What the task requires =>
Only one stretch of the data should be retyped: the lines from the line containing "are asking all" through the line containing "Fig. 1 Starting". Keep pictures out of it.

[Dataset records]
§ §

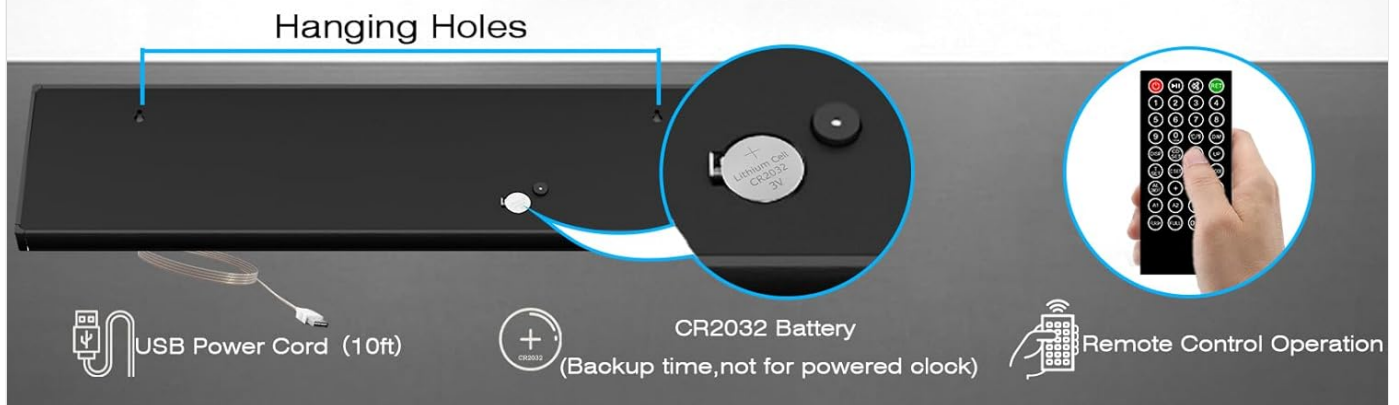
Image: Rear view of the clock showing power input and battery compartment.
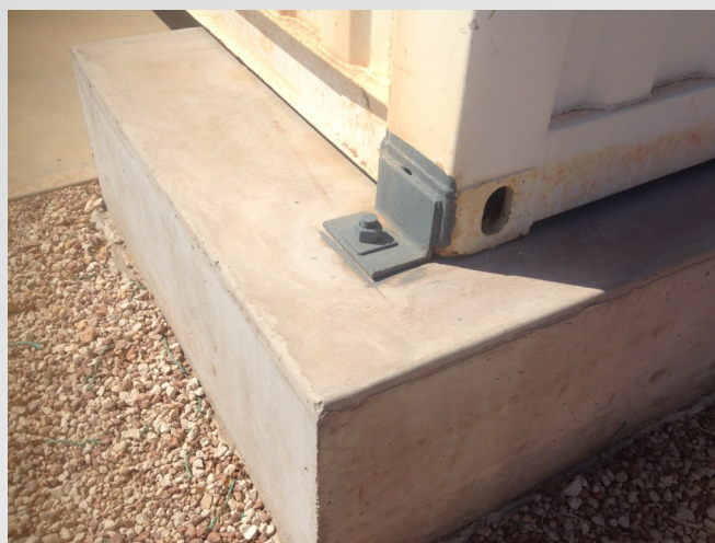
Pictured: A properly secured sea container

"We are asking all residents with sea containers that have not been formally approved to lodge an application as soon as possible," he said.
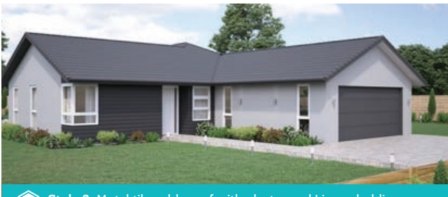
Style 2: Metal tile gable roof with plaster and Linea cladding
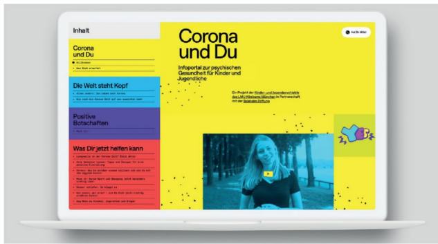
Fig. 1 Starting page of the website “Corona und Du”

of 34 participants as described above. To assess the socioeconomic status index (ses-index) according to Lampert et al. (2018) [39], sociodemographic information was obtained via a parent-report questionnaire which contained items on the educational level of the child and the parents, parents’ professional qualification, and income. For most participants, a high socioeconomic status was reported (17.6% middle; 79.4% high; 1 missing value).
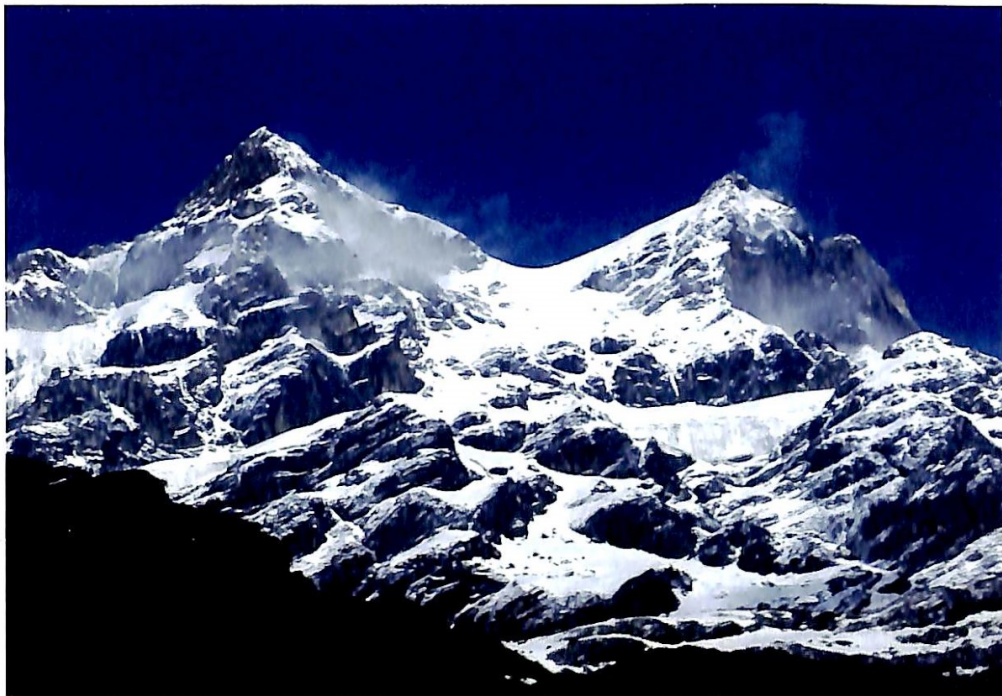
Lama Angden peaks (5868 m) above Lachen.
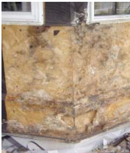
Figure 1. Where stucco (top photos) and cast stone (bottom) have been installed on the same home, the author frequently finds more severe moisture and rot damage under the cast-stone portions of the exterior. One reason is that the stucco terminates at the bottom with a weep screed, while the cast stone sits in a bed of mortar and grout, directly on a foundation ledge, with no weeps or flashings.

§ §

Response to the exercise =>
"We are asking all residents with sea containers that have not been formally approved to lodge an application as soon as possible," he said.
Style 2: Metal tile gable roof with plaster and Linea cladding
Fig. 1 Starting page of the website “Corona und Du”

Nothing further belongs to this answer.